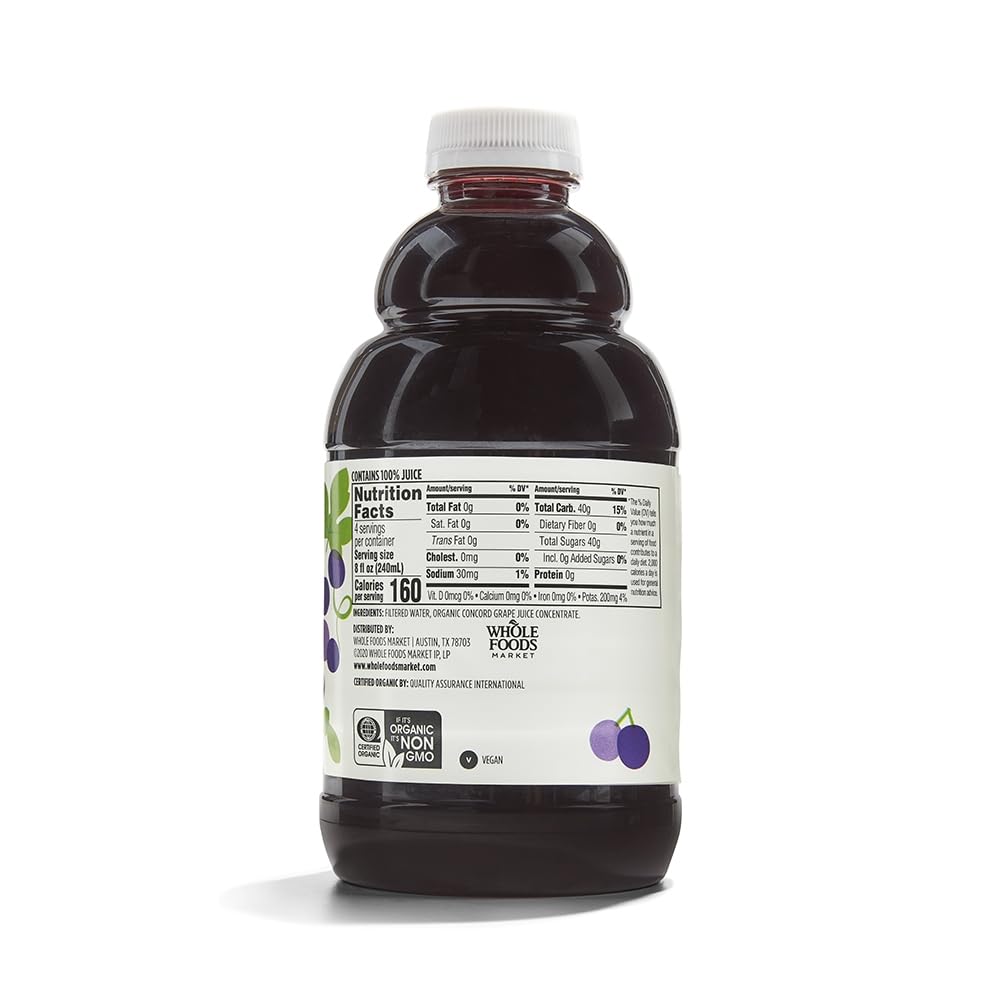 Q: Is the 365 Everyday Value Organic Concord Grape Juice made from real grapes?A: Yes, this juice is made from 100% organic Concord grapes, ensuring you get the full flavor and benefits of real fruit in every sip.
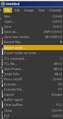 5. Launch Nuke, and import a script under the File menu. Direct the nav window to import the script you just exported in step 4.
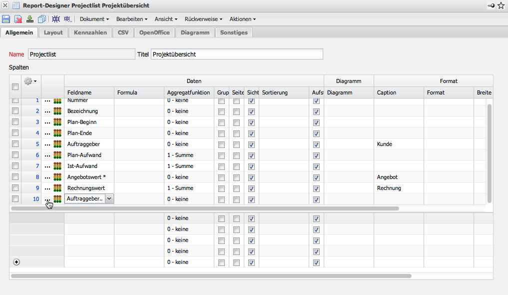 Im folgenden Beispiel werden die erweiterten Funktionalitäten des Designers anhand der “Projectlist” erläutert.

...

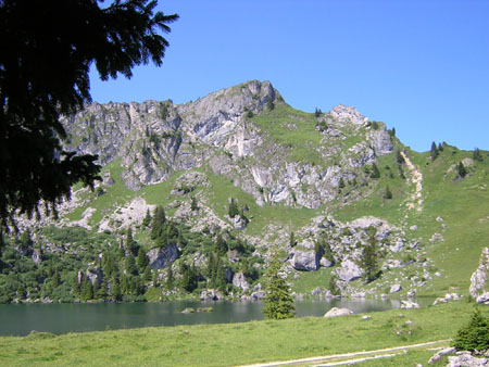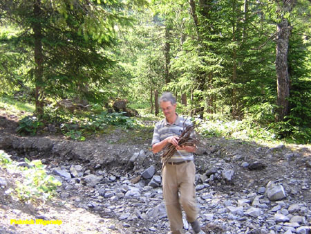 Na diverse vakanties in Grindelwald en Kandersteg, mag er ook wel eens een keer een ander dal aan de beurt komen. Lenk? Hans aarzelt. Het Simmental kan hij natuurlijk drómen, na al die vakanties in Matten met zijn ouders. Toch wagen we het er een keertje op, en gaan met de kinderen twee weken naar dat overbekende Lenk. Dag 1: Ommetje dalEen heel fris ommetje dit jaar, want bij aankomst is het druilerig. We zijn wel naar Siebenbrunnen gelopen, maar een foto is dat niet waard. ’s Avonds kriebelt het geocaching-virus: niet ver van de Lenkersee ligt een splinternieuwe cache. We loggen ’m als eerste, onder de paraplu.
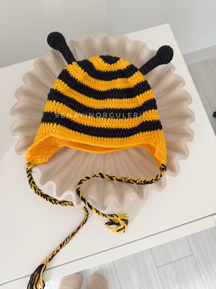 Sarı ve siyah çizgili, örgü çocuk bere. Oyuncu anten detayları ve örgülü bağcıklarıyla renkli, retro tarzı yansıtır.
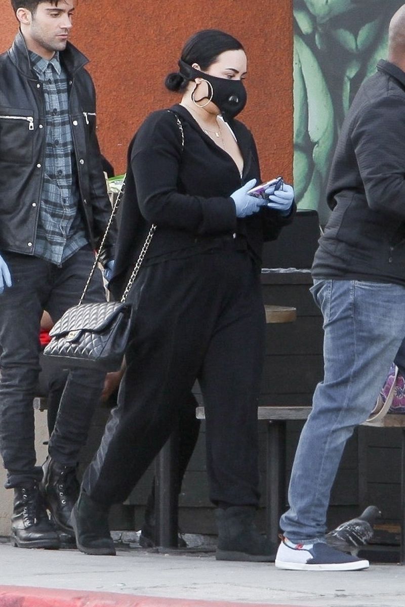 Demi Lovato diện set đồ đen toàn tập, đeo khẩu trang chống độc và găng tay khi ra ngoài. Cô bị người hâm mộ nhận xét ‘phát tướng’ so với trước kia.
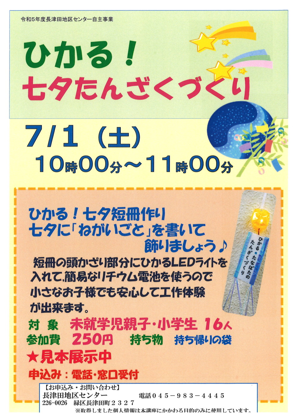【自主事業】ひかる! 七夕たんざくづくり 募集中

**Your task**
Range to copy from the listing above: the line containing "Q: Is the 365" down to the line containing "Im folgenden Beispiel", both included. Reproduce it exactly, minus the pictures, and add nothing.

**Solved problem**
 Q: Is the 365 Everyday Value Organic Concord Grape Juice made from real grapes?A: Yes, this juice is made from 100% organic Concord grapes, ensuring you get the full flavor and benefits of real fruit in every sip.
 5. Launch Nuke, and import a script under the File menu. Direct the nav window to import the script you just exported in step 4.
 Im folgenden Beispiel werden die erweiterten Funktionalitäten des Designers anhand der “Projectlist” erläutert.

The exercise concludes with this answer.